The Dow Chemical Company (NYSE: DOW) and Mitsui & Co., Ltd., of Tokyo, Japan (NASDAQ: MITSY) announced today that the two companies have signed a definitive agreement to form a 50:50 manufacturing joint venture to construct, own and operate a new membrane chlor-alkali facility located at Dow’s Freeport, Texas, integrated manufacturing complex.
This landmark joint venture combines the strengths of two global companies to build a world-scale chlor-alkali plant on the US Gulf Coast.
The facility will be built using Dow's modern and efficient chlor-alkali technology, and takes the place of the previously announced Chlorine 7 project, which was a Dow-only venture.
"This joint venture with Mitsui is another meaningful example of our strategy in action - enabling us to continue to supply building blocks to our downstream performance businesses at lower cost and with less capital," said Andrew Liveris, Dow chairman and chief executive officer. "Dow’s Basic Chemicals business is a world-class manufacturing franchise that delivers unique product and technology integration advantage to our downstream performance and market-driven businesses.

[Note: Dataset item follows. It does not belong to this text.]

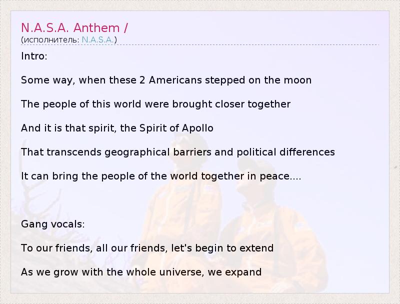 А как ты думаешь, о чем песня "N.A.S.A. Anthem /" ?
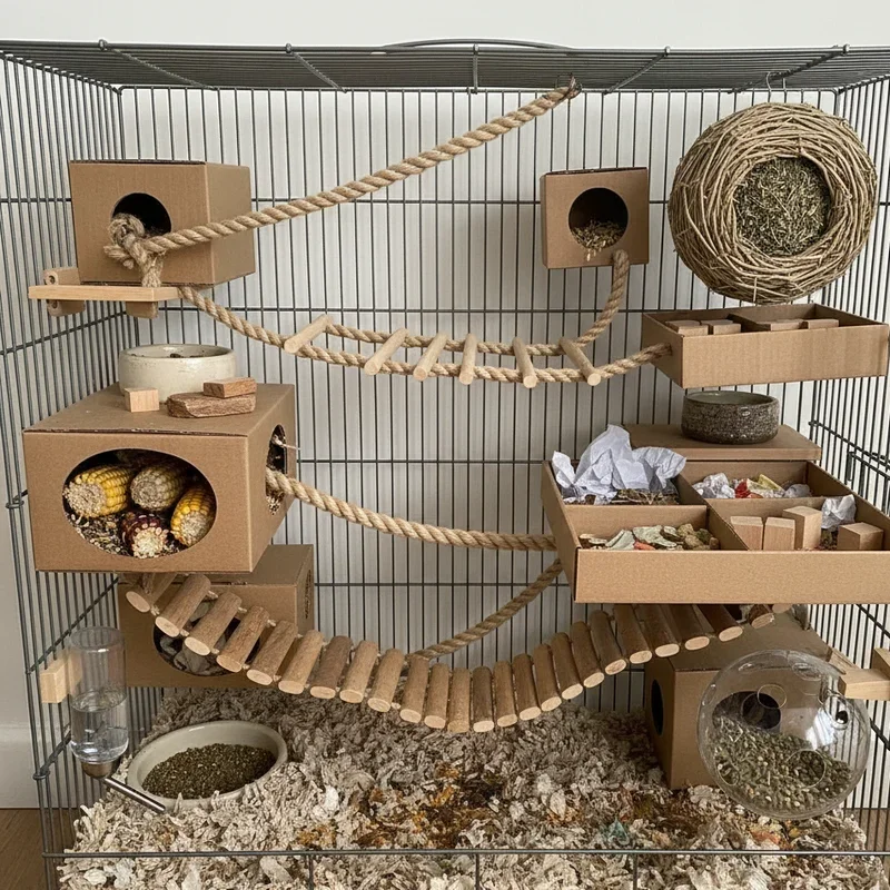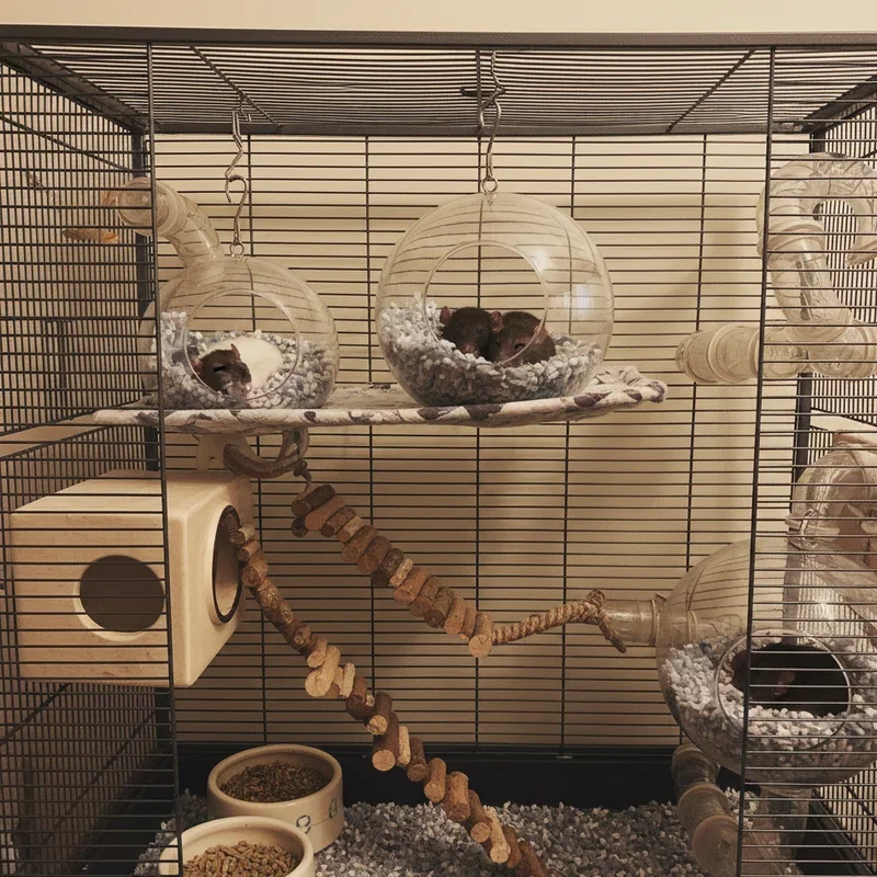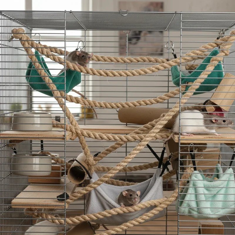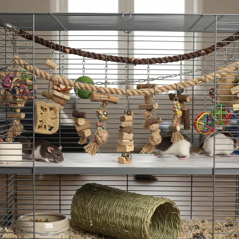 Create an adventurous atmosphere with rope bridges that challenge your rats' balancing skills while providing endless entertainment! These swinging pathways add a dynamic element to the cage that static platforms can't match. Use bird rope perches or make your own with untreated sisal rope, ensuring all materials are safe for chewing. Connect different areas of the cage with bridges at various angles and tensions. Looser bridges provide more challenge and fun, while tighter ones offer security for nervous rats. Add wooden planks or cardboard pieces to bridges for easier crossing options. Your rats' natural curiosity will have them testing different routes and developing their coordination. Watching them navigate these wobbly paths is entertainment for you too! Change bridge configurations monthly to maintain novelty and interest.

This strategic joint venture bolsters our integration strength, while also liberating capital for investment in businesses that are technology- and customer-driven with higher, more consistent earnings."
The new chlor-alkali facility is expected to begin operations in mid-2013, and will have a capacity of approximately 800 kilotons per annum. Dow will operate and maintain the chlor-alkali facility under contract to the joint venture. Construction will begin in the fourth quarter of 2010. The venture will create approximately 50 long-term jobs at the Freeport, Texas, location, as well as approximately 500 construction jobs during the build.
The joint venture’s new chlor-alkali production facility will fuel the growing feedstock needs of Dow’s performance businesses with cost-advantaged chlorine supply.
More than 70 percent of Dow’s chlor-alkali production is used to serve its growing performance and market-driven businesses.
Close of the transaction is expected in the third quarter of 2010, depending upon regulatory approvals and customary closing conditions.